Irene Lisboa ficou conhecida por ser uma poeta, escritora e pedagoga portuguesa que marcou a cultura literária portuguesa.

Irene do Céu Vieira Lisboa nasceu a 25 de dezembro de 1892 em Arruda dos Vinhos. O seu percurso escolar deu-se na Escola Normal Primária de Lisboa, mas foi no estrangeiro que se especializou em Ciências da Educação. Percorreu países como a Suíça, França e Bélgica para complementar a sua carreira enquanto estudante. A sua vasta experiência permitiu-lhe escrever diversas obras sobre a pedagogia.

Estudou também ao lado de grandes nomes como Jean Piaget e Édouard Claparède, no Instituto Jean-Jacques Rosseau, em Genebra. Anos mais tarde, iniciava a sua carreira profissional enquanto professora de educação infantil. Em 1932, recebeu o cargo de Inspetora Orientadora do ensino primário e infantil. O trabalho que desenvolvia era polémico porque Irene Lisboa propunha um ensino completamente reformulado e isento de “controlo ideológico, administrativo e disciplinar dos docentes”.

Por tal motivo, foi afastada desta função passados poucos anos e destacada para o Instituto de Alta Cultura. Em 1940, foi totalmente afastada do Ministério da Educação e dos seus cargos oficiais, por se recusar a aceitar um cargo em Braga. Os seus ideais levaram a que fosse afastada de qualquer cargo oficial, o que funcionava como uma forma de exílio da sociedade.

Reformada aos 48 anos, Irene Lisboa dedicou-se por completo à publicação de obras literárias e pedagógicas. No entanto, enfrentar uma ditadura salazarista, viu o seu pensamento crítico a ser censurado, muitas vezes.

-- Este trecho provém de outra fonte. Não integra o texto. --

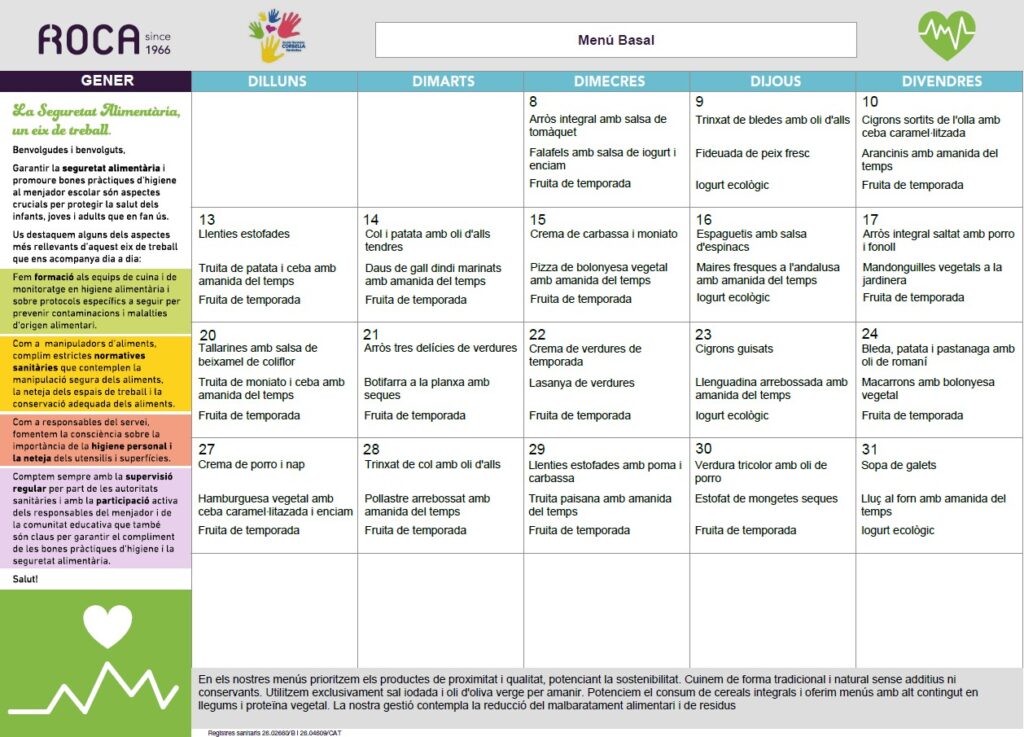 Benvolgudes famílies, Us fem arribar els menús del mes de gener.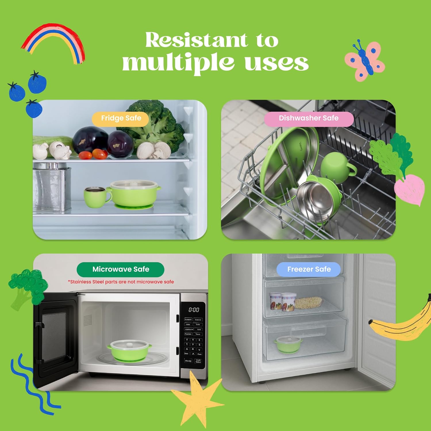 DURABLE AND EASY TO CLEAN: All parts are dishwasher, fridge, freezer and oven safe. Stainless steel retains food temperature longer than plastic alternatives. All parts of this kids stainless steel set are detachable for effortless cleaning
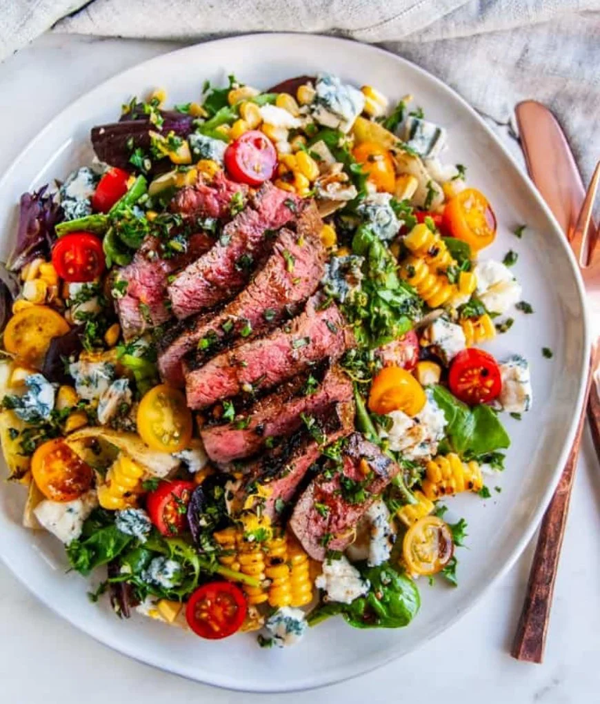 Romaine lettuce topped with balsamic marinated flank steak, gorgonzola cheese, cherry tomatoes, red onion and corn, served with a balsamic vinaigrette.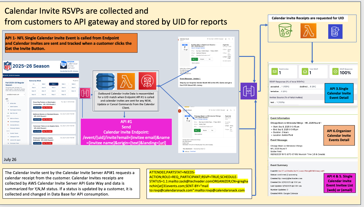 In all use cases, the API matches the Email collected to the Event UID stored in DynamoDB, reassembles the calendar invite data from DynamoDB using ETL functions, and sends the package via AWS SES RAW.

As suas obras encontravam suporte na imprensa e nas conferências, mas Irene Lisboa não se contentava com a falta de liberdade que sentia.

O controlo ideológico levou a escritora e professora a adotar vários pseudónimos como João Falco, Manuel Soares e Maria Moira. As suas obras enquadravam-se em diversos géneros literários como poesia, contos, crónicas e novelas, mas revelavam sempre um cariz autobiográfico.

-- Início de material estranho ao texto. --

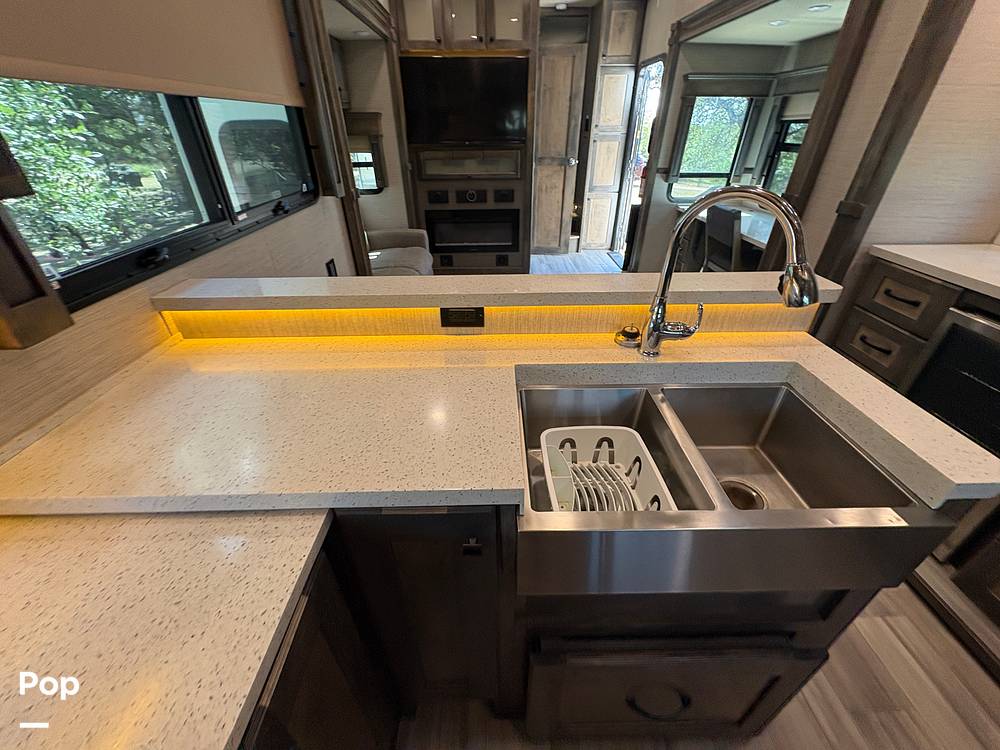 Step inside to find a spacious and elegantly appointed living area that comfortably sleeps four. The high-quality furnishings and thoughtful layout ensure that every journey is as relaxing as it is exciting. The kitchen is a chef's dream, equipped with top-of-the-line appliances and ample counter space, making meal preparation a breeze. The cozy dining area is perfect for enjoying meals with family or friends, while the plush seating in the living room invites you to unwind after a day of exploration.

A sua primeira obra publicada, “Treze Contarelos” (1926), estreou a escritora no palco da literatura portuguesa, principalmente para um público mais infantil. Seguem-se algumas obras também escritas pela autora, mas assinadas sob um dos seus pseudónimos, João Falco: “Um dia e outro dia… – Diário de uma mulher” (1936) e ainda “Outono havias de vir”, inserindo-a numa vertente mais poética.

Nas suas obras, Irene Lisboa procurava retratar situações quotidianas e concretas, não deixando faltar o seu olhar crítico sobre a vida da classe burguesa. Podemos tomar como exemplo desses apontamentos reflexivos sobre a sociedade as seguintes obras: “Solidão – Notas de um punho de uma mulher” (1939), “Começa uma vida” (1940) e “Voltar atrás para quê?” (1956).

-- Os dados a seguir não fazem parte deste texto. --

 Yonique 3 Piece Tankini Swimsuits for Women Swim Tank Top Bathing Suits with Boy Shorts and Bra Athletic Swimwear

Veio a falecer a 25 de novembro de 1958, apenas a um mês de cumprir os seus 66 anos de idade. A 13 de janeiro de 2013, os seus restos mortais foram transladados do cemitério da Ajuda, em Lisboa, para o cemitério de Arruda dos Vinhos e o seu legado não fora esquecido.

As suas obras tiveram grande reconhecimento por parte dos seus colegas e grandes nomes na literatura portuguesa, como José Rodrigues Miguéis, José Gomes Ferreira, João Gaspar Simões, Vitorino Nemésio e José Régio, embora não tivessem grande aceitação pelo público. Entre muitos contos, novelas e crónicas deixadas, Irene Lisboa marcou a sociedade portuguesa pela sua constante aposta em conteúdo pedagógico, deixando uma vasta coleção de obras a consultar.

A sua escrita constituiu-se como grande fonte de inspiração para nomes como Camilo Pessanha, Fernando Pessoa, Katherine Mansfield, Raul Brandão e Virginia Woolf.

Em sua homenagem, a Federação Nacional dos Professores fundou, a 12 de janeiro de 1988, o Instituto Irene Lisboa. A 19 de maio de 1989, foi agraciada, a título póstumo com o grau de Comendador da Ordem da Liberdade. O seu nome é utilizado como toponímia de muitas ruas e é, inclusive, o nome da biblioteca municipal em Arruda dos Vinhos. Em 1999, foi criado, na freguesia de Arranhó, o Museu Irene Lisboa.